INTRODUCTION
The handmade footwear, high quality shoes, are made using a network manufacturing process. In the network manufacturing each artisan performs a different step of the production process. When every artisan has completed his task, the shoes are forwarded to the next one.
Step 1: The Design Team
The retailer provides:
feet measurement by hand or measurement by 3D scanner or standard shoes size;
the chosen model;
customization choices, such as:
• leather (calfskin, suede, deer, eel, ostrich, elaphe snake or kangaroo)
• colors
• name or monogram
• other requests
According to customer’s requests, the designer set up the specifications for the last (a brand new one or a modification made on the existing last) [A shoe last is a 3-dimensional wooden or plastic mold upon which a shoe is constructed] and realize a drawing of the shoe following the requests of the customer.
Step 2: The construction of the Shoe Last

Now the artisan will produce a new shoe-last or alternatively the existing one will be amended.
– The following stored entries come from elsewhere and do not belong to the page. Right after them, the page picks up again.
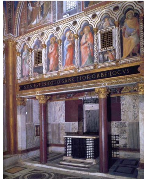
Kapelle Sancta Sanctorum

Der Höhepunkt unserer Pilgerreise war gewiss am Epiphaniestag die Feier der hl. Messe mit Papst Benedikt XVI. in der Petersbasilika. Schon früh machten wir uns auf den Weg. In der festlichen Messfeier sagte der Hl. Vater in seiner Predigt: „Das Licht, das zu Weihnachten erscheint und sich heute allen Völkern offenbart, ist die Liebe Gottes, die in der Person des Fleisch gewordenen Wortes Gestalt angenommen hat“. Sogleich nach dem Angelusgebet und dem Segen, den der Hl. Vater von seinem Fenster aus im Apostolischen Palast spendete,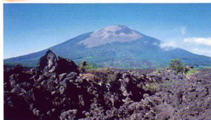
初夏の焼走り熔岩流と岩手山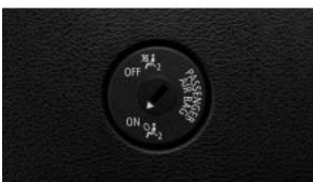
Деактивація подушки безпеки переднього пасажира S05DA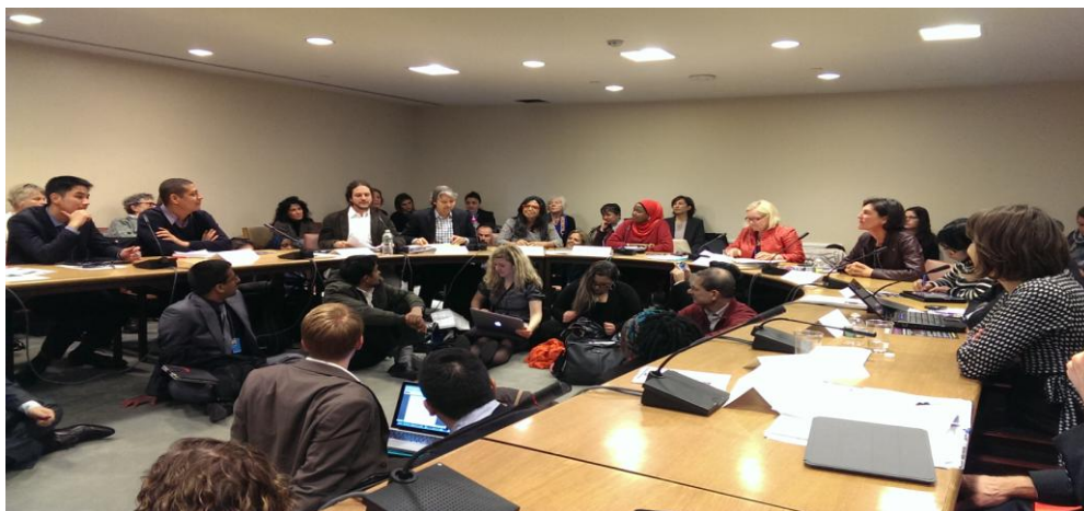
男性照顧(Men Care+)研討會議現場

1.將男性視為促進性與生殖健康權益(sexual and reproductive health and rights, SRHR)的支援夥伴，特別是家庭計畫、產前產後孕產婦健康及性傳染疾病預防等方面。 2.於性別暴力防治的方案與政策中，為男性施暴者、受暴者或目睹兒等，提供男性諮詢服務。 3.執行使父親負擔更多兒童照顧角色的計畫或措施，如：育嬰假。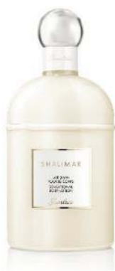
ボディローション 200mL 7,500円(税抜)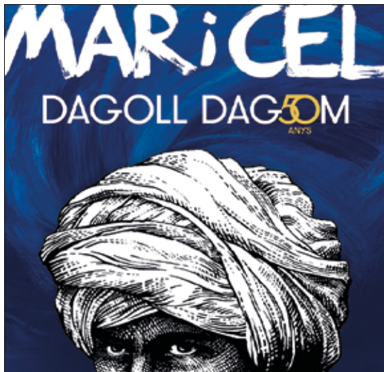
Dagoll Dagom fa 50 anys i plega amb el millor ‘Mar i Cel’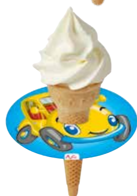
KIDS TROPFFÄNGER AUTO 250 STÜCK 9900043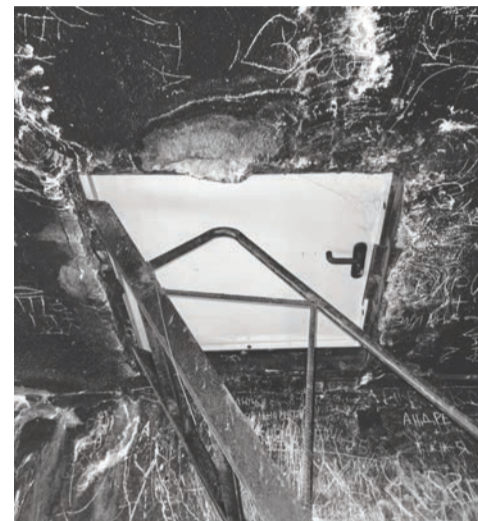
Противопожарный люк, ключа от которого ни у кого нет

эвакуации. Коридоры второго и третьего этажей вообще оказались перегорожены железными дверями, которые в какой-то степени спасали находящиеся за ними квартиры от заполнившего дом дыма, но перекрыли пожарным возможность свободного перемещения на четвертый и пятый этажи, оставив свободным движение только по одному лестничному маршу.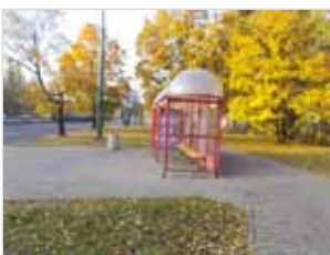
Ryc. 22. Wiata przystankowa z ławką przy al. Jana Pawła II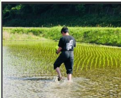
農業を通じて忍者の基本的動きを習得！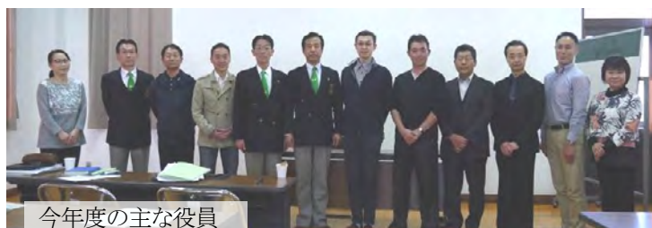
今年度の主な役員

4月23日(日)塩尻市広丘公民館で平成29年度通常総会が開かれました。会長、役員交代ほか、今年度の県連盟の方針が確認されました。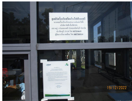
ภาพที่ 2-1 ศูนย์รับเรื่องร้องเรียน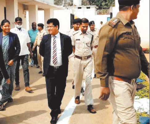
जेल का निरीक्षण करते अधिकारी।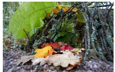
Esimerkki minimajasta.

Lisätehtävä koulussa tai kotona: Ota kännykällä kuva minimajastasi. Tutki kuvaa myöhemmin. Kuinka oksat taipuvat, miltä risu tai kuivat lehdet näyttävät? Millaisia yksityiskohdat ovat tarkasti katsottuna? Piirrä tai maalaa majasi paperille. Lisää kuvaan myös keksimäsi majan asukas. Lopuksi kirjoita hänelle oma tarina aloittaen ”Olipa kerran...”.

The shoe last is the physical basis from where we start making your shoes. A shoe last is a mold that emulates a foot to give the shoe its proper shape.

Step 3: Leather
The artisan selects the leather and paints it as required, if necessary.

Step 4: Leather. Cutting and Sewing
Partly due to the number of pieces used to make one shoe, constructing footwear is a true craft. The pieces needed to make the shoe are cut from high quality leather then in the next shoes manufacturing step the parts are sewn together

Step 5: Assembling the Shoe
The shoe is stitched by the master shoemaker by hand. This is a fundamental phase to determine how your shoes are made. If the footwear is a classic Derby or an Oxford, a technique called Goodyear welting may be used or Blake or Blake/Rapid. For Sneaker or Loafer we have specific sewing technique

Step 6: Insoles and Decoration
Now the pins that were placed in the heel will be removed and the holes they’ve left in the leather sealed. Any ornamental perforation is taken care of at this stage. Or if the finish of the shoe is smooth, seam holes are carefully hidden through a procedure of ironing, dyeing and polishing. Next, the edge of the heel and its outsole are abraded and the visible part of the welt is decorated. The double seam is compacted next and the heel and tips of the sole are dyed. Last but not least, a half-insole with the brand’s logo is inserted and the shoe is carefully cleaned

Step7: The Shoe Room
This is the finishing department where bespoke shoes receive the finishing touches that set them apart from their cheaper cousins. The shoes are polished until gleaming and, if the style requires it, they are laced up

Step 8 and 9: Quality control, packaged and shipping
Each and every shoe then undergoes a thorough final quality check. Then they are packaged and shipped to the retailer.